PDF files are everywhere but not all of them are tagged. A tagged PDF file has some extra elements called tags. These tags are not much different from the HTML tags. If you have ever learned the HTML language (and who hasn’t), then you know about the various HTML tags like the body tag, header tags, paragraph tag, image tag and so on. There are dozens of tags in HTML and they can be used in hundreds of ways.
Similarly, in a tagged PDF file, all the content is contained within various tags. Each of these tags describes which portion of the PDF content goes inside a header tag, which goes inside section tag, which goes inside a paragraph tag, which portion goes inside a link tag and so on. These tags are not visible when you open a tagged PDF inside a regular PDF viewer. However, these tags are very helpful in displaying the PDF file when accessed from large screen readers with assistive technology.
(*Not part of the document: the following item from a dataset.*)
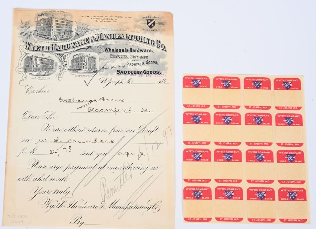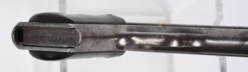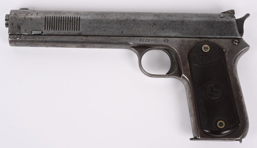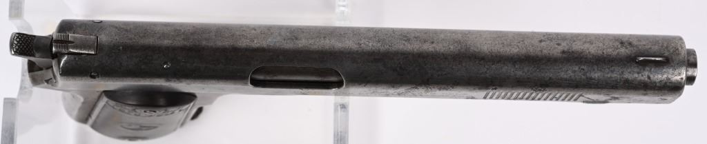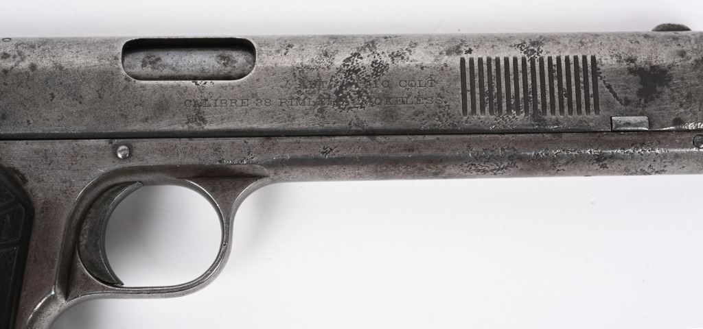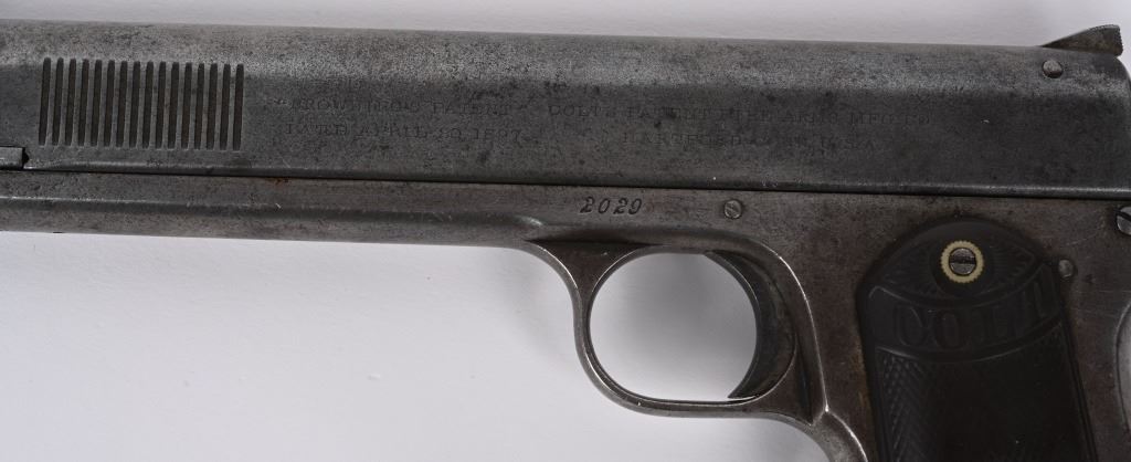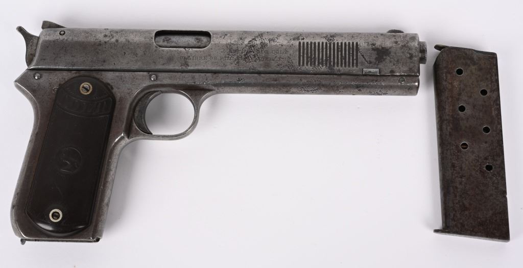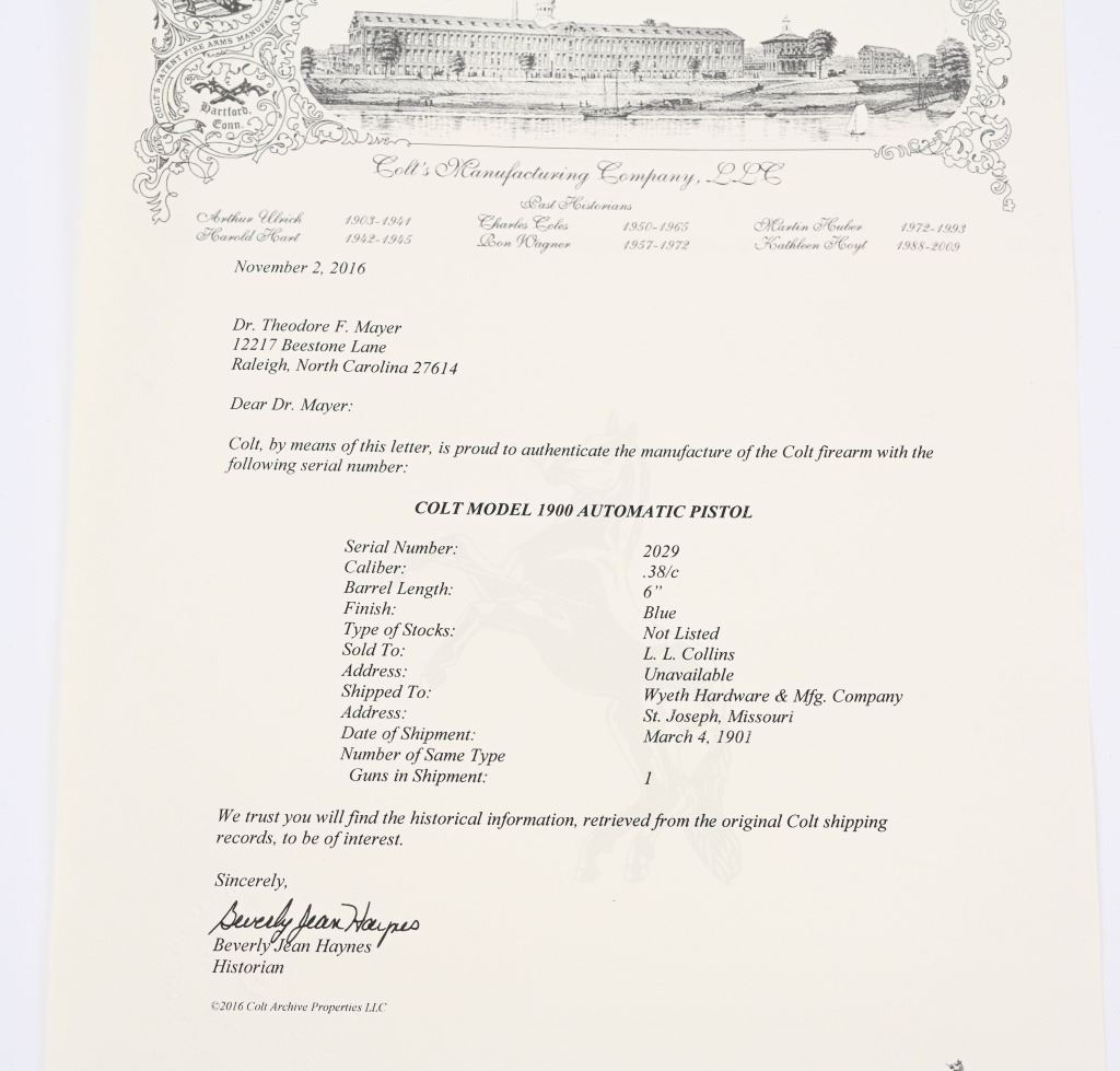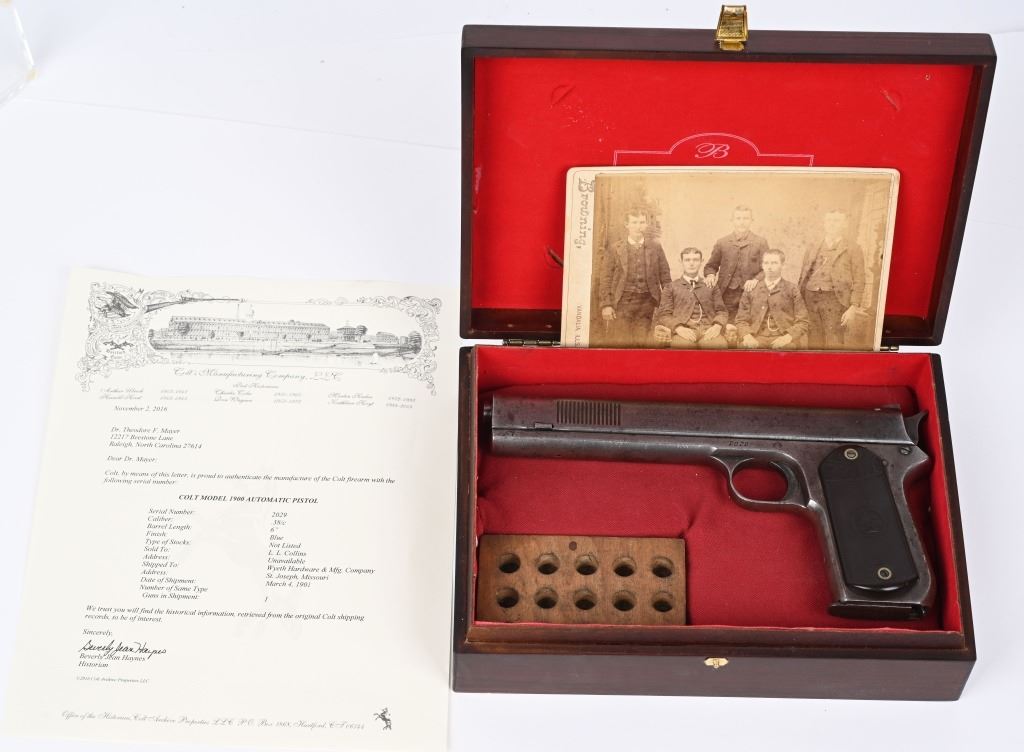 SERIAL NUMBER 2029 BARREL 6" CALIBER .38 COLT AUTO MANUFACTURED 1901. Factory letter indicates pistol was shipped with blue finish 6" barrel and grips not listed. Sold to to Mr. L.L. Collins and factory shipped to Wyeth Hardware & Mfg. Company St, Joseph MO. in a single gun shipment. Previous owner has done extensive research into Mr Collins who was a practicing Attorney and has also obtained examples of circa, 1900 Wyeth Hardware sales invoices and paperwork. pistol retains the fully functional sight safety mechanism , Checkered hard rubber Colt grips with Rampant Colt monograms. Slide has forward slide serration's and spur hammer. Matching numbers on slide and frame. CONDITION. Good as found with exterior finish having toned to dove grey with good bore with some oxidation in grooves. Action operates properly. Comers with paperwork, small display case and factory letter. C&R

So how do we find out if a PDF file is actually a tagged PDF file? We can use free Sumatra PDF Reader for this:
- First of download and install Sumatra PDF Reader from https://www.sumatrapdfreader.org/.
- Open the target PDF file in Sumatra PDF Reader and then select File → Properties from the menubar. Alternatively, you can also use the hotkey Ctrl+D.
- In the PDF properties window, you will be able to see PDF Optimizations says Tagged PDF if the PDF is actually tagged. If the PDF file isn’t tagged, then you won’t see any such text.
Document editors are Microsoft Word or OpenOffice Writer are able to create a tagged PDF file. Depending on the text formatting, OpenOffice Writer can automatically add various tags to the PDF file. Tagged PDF is not that much larger in file size than an untagged PDF file.